→ **Input material**:
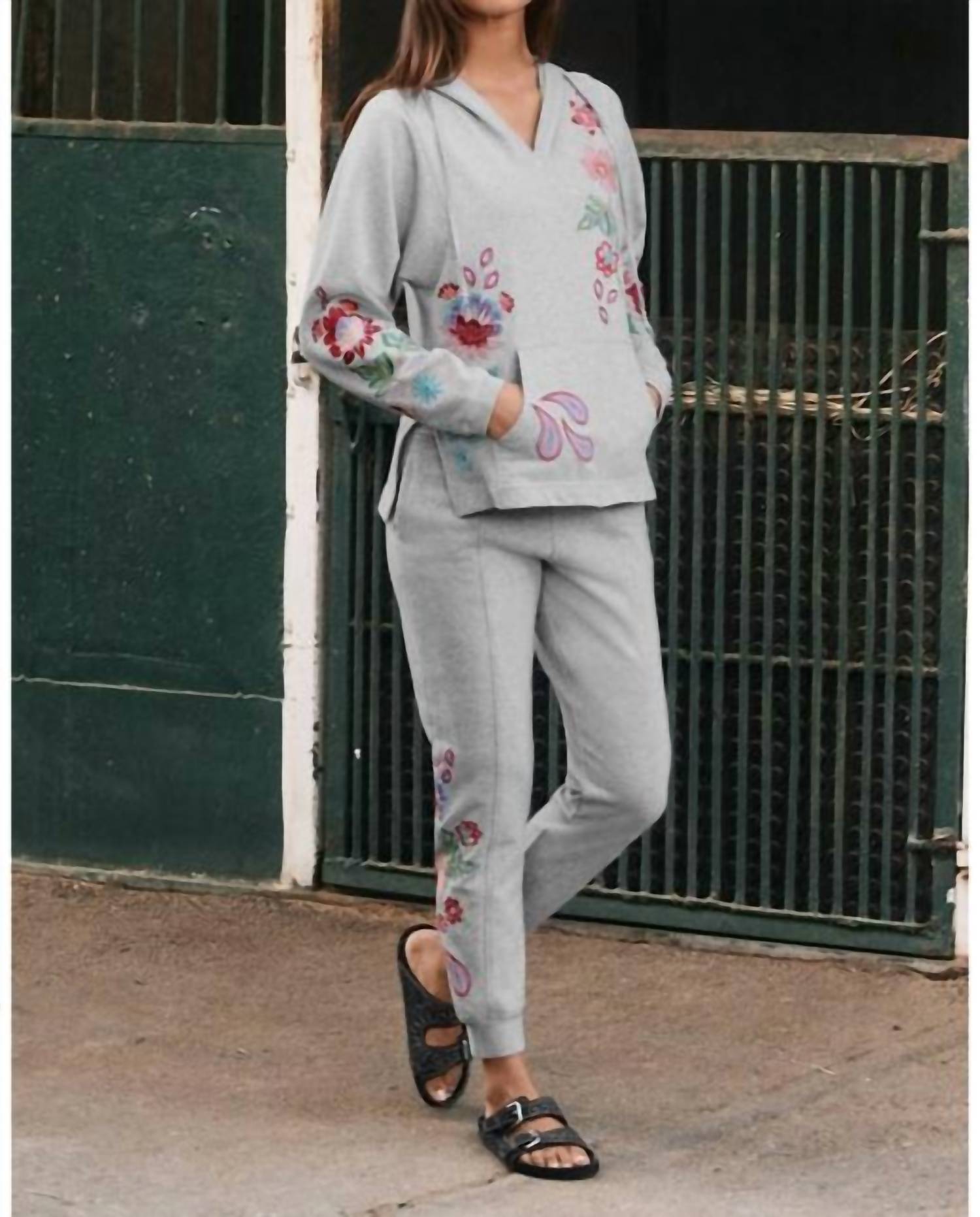 The Seamed Joggers are made from 100% cotton and provide comfort and a casual style. They feature an elastic waistband with a drawstring for an adjustable fit and hip pockets. The joggers are beautifully adorned with colorful floral embroidery.
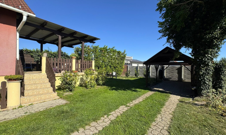 A gyönyörű, tágas teraszon egy 4x2 méteres, beépített medence kapott helyet, amely tökéletes lehet egy frissítő csobbanásra a szaunázást követően – például, ha a pincében szauna kerül kialakításra. A kertben két kocsibeálló és egy fúrt kút is rendelkezésre áll.
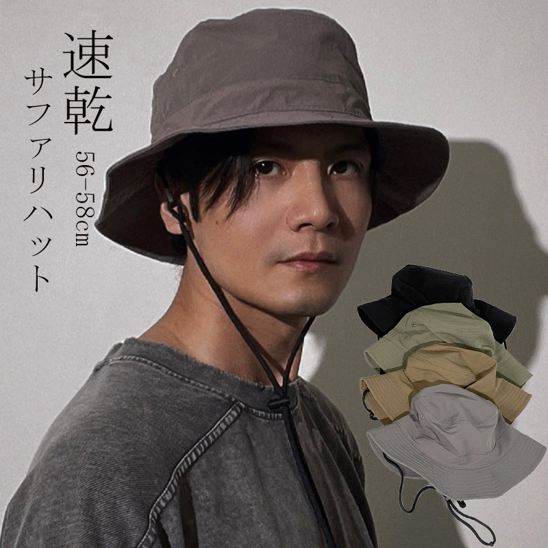 速乾メンズサファリハット ユニセックス レディース UVカット オシャレ 男女兼用 あご紐付き 旅 自転車 山登り 通気性良い 父の日 ギフト
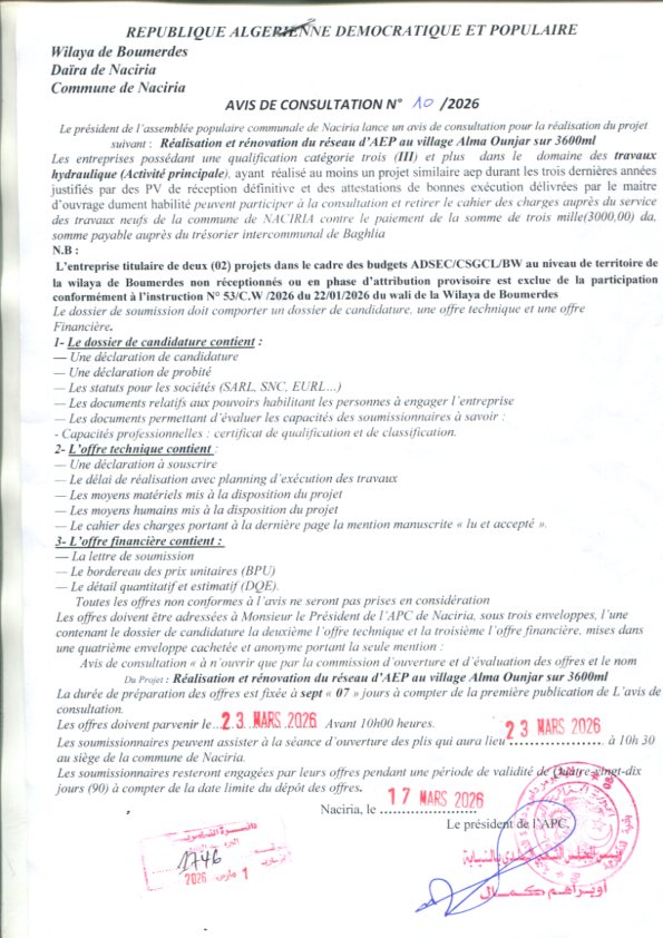 يعلن السيد رئيس المجلس الشعبي البلدي لبلدية الناصرية عن استشارة رقم 10 لانجاز المشروع التالي
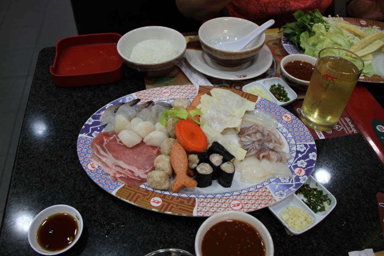 メニューではチムチュム129バーツ、ムーガタ159バーツと書いてある。

→ **Your goal**: Omit all pictures and repeat the rest of the records verbatim.

→ **Expected answer**:
 The Seamed Joggers are made from 100% cotton and provide comfort and a casual style. They feature an elastic waistband with a drawstring for an adjustable fit and hip pockets. The joggers are beautifully adorned with colorful floral embroidery.
 A gyönyörű, tágas teraszon egy 4x2 méteres, beépített medence kapott helyet, amely tökéletes lehet egy frissítő csobbanásra a szaunázást követően – például, ha a pincében szauna kerül kialakításra. A kertben két kocsibeálló és egy fúrt kút is rendelkezésre áll.
 速乾メンズサファリハット ユニセックス レディース UVカット オシャレ 男女兼用 あご紐付き 旅 自転車 山登り 通気性良い 父の日 ギフト
 يعلن السيد رئيس المجلس الشعبي البلدي لبلدية الناصرية عن استشارة رقم 10 لانجاز المشروع التالي
 メニューではチムチュム129バーツ、ムーガタ159バーツと書いてある。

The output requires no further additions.